MB: The conformity that you mention might have resulted from a model of control which, in the past, was driven, perhaps, by an underlying concept of fear. What is the model that can replace this approach?

DM: The model that can replace this is to go back and get to know who Jesus Christ was, what He said, what His teaching is; that fundamentally, He came to reveal to us that God is love and that love is the driving force for changing. That means that love is a way of life in which all your interactions are driven by a sense of caring, of welcoming and also of forgiving. Today’s world is very harsh and that sense of being forgiven, of being able to rise up and start again is vitally important. We can understand all this on a personal level but we have to bring it, in some way or other, into the type of society that we have. That is why I would stress also the need for on-going education for people; that those who were disadvantaged at some stage of their lives due to exclusion or marginalisation, because their needs were never met and their talents never recognised, that they have a second chance.
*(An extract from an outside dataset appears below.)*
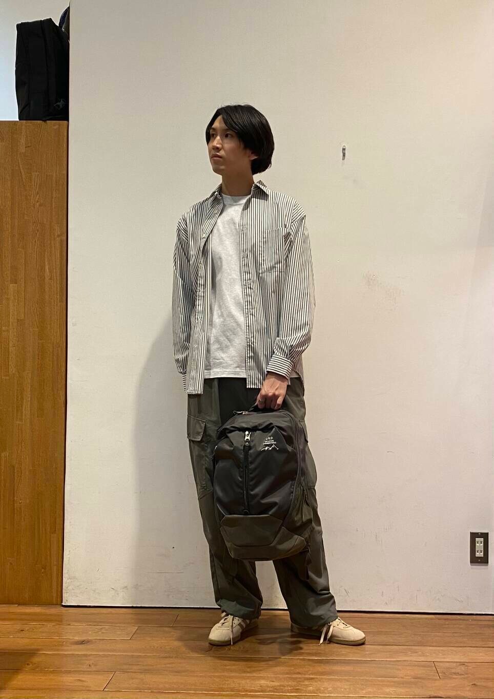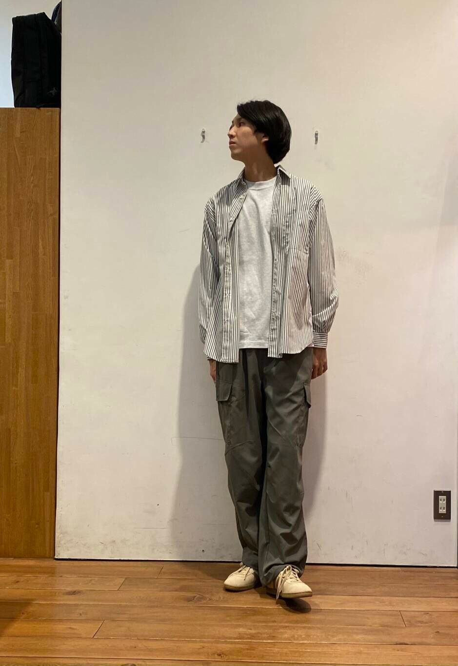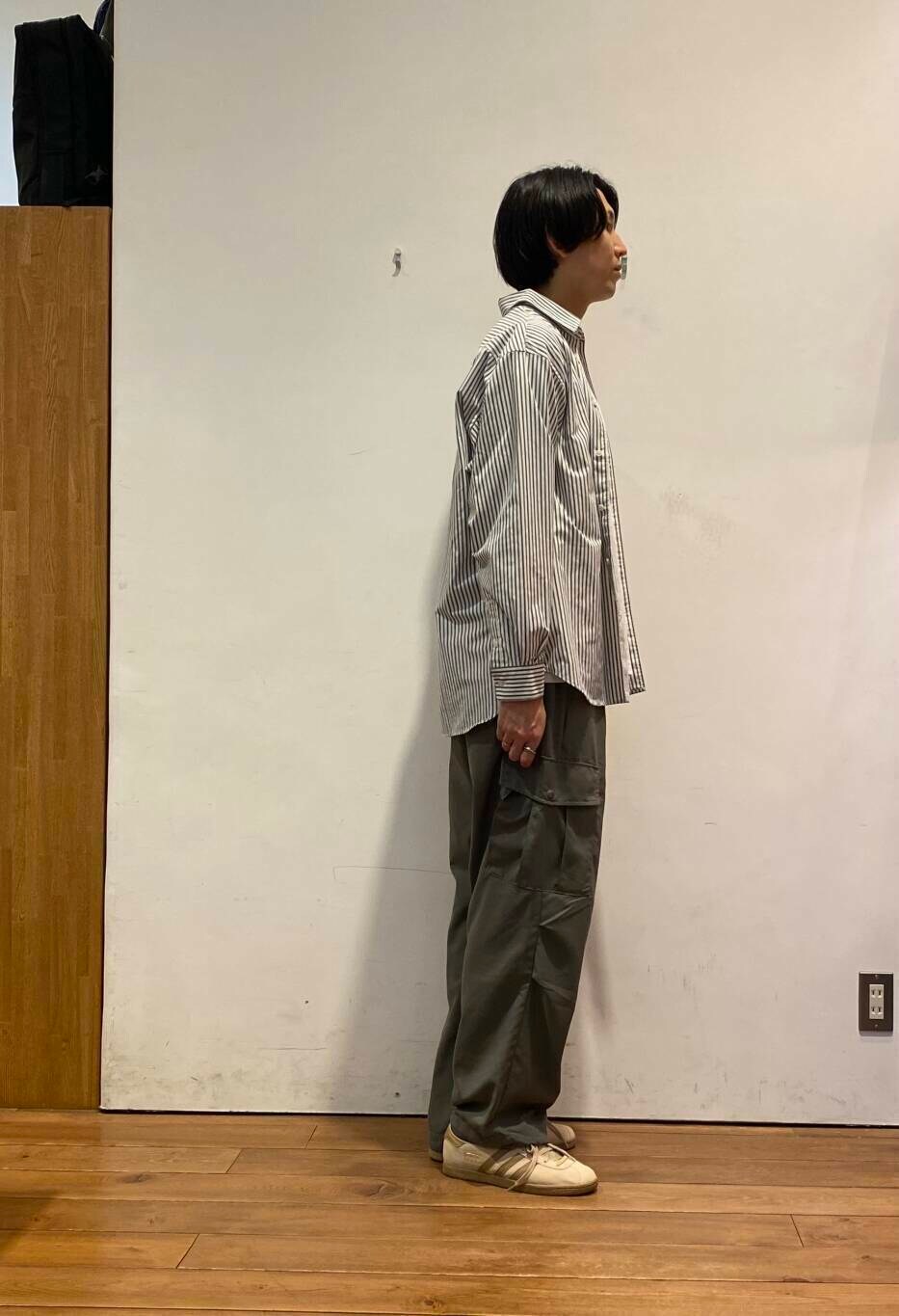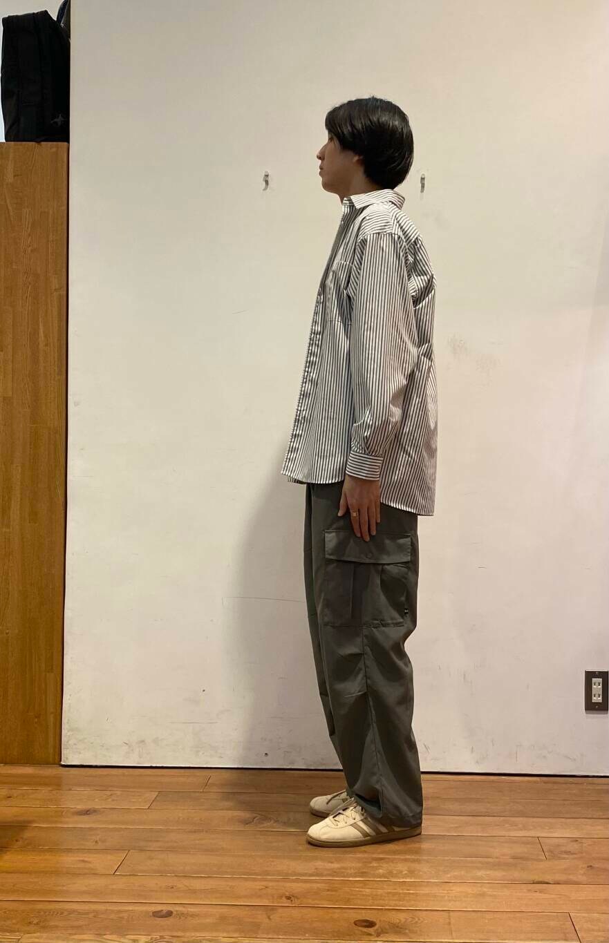 今回は、ルーズストライプシャツにカーゴパンツを組み合わせシンプルコーディネートです!

There are extraordinary things happening here in the inner city of Dublin as regards people who, because of the poverty they lived in, went out to work when they reached fourteen years of age or as soon as they finished school. Some were extraordinarily talented people and through adult education they are re- discovering themselves and flourishing. These are the very ones who will go out to the community and bring about change. That must be a real dimension of Catholic schools. They are not inward-looking, elitist schools but schools which are supported from the community and within the community but they must then bring their contribution to the community.

MB: Archbishop thank you very much for engaging in the dialogue.